En revanche, les parties sont en désaccord s’agissant des droits à accorder au père. Madame [G] [S] épouse [V] sollicite l’octroi au père d’un droit de visite accompagné en lieu neutre tandis que Monsieur [E] [V] souhaite accueillir ses enfants selon les modalités fixées antérieurement par l’ordonnance sur mesures provisoires.
En réponse, force est de constater que le père s’est vu prononcer une interdiction de contact avec la mère dans le cadre d’une ordonnance de protection, celle-ci ayant par ailleurs réduit les droits du père à un droit de visite accompagné en lieu neutre.
En l’état des éléments versés aux débats, des violences psychologiques du père ayant été considérées comme vraisemblables, il convient de préserver les enfants de ce conflit et de restaurer progressivement la confiance qu’ils peuvent avoir en leur père par l’exercice d’un droit de visite en lieu neutre. Ainsi, le père bénéficiera pour une durée de huit mois d’un droit de visite accompagné à exercer au sein de l’association MARELLE, étant précisé que ce droit sera suspendu chaque première moitié des vacances scolaires.
Sur la contribution à l’entretien et l’éducation des enfants
L’article 371-2 du Code civil dispose : Chacun des parents contribue à l’entretien et à l’éducation des enfants à proportion de ses ressources, de celles de l’autre parent, ainsi que des besoins de l’enfant.
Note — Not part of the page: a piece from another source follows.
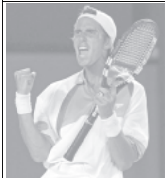
Juan Ignacio Chela of Argentina reacts after defeating Lleyton Hewitt of Australia during the Australian Open tennis tournament in Melbourne on 19 Jan, 2006.

Cette obligation ne cesse pas de plein droit lorsque l’enfant est majeur.
L’article 373-2-2 du Code civil dispose : En cas de séparation entre les parents, ou entre ceux-ci et l’enfant, la contribution à son entretien et à son éducation prend la forme d’une pension alimentaire versée selon le cas, par l’un des parents à l’autre, ou à la personne à laquelle l’enfant a été confié.
L’article 373-2-5 du Code civil dispose : Le parent qui assume à titre principal la charge d’un enfant majeur qui ne peut lui-même subvenir à ses besoins peut demander à l’autre parent de lui verser une contribution à son entretien et à son éducation. Le juge peut décider ou les parents convenir que cette contribution sera versée en tout ou en partie entre les mains de l’enfant.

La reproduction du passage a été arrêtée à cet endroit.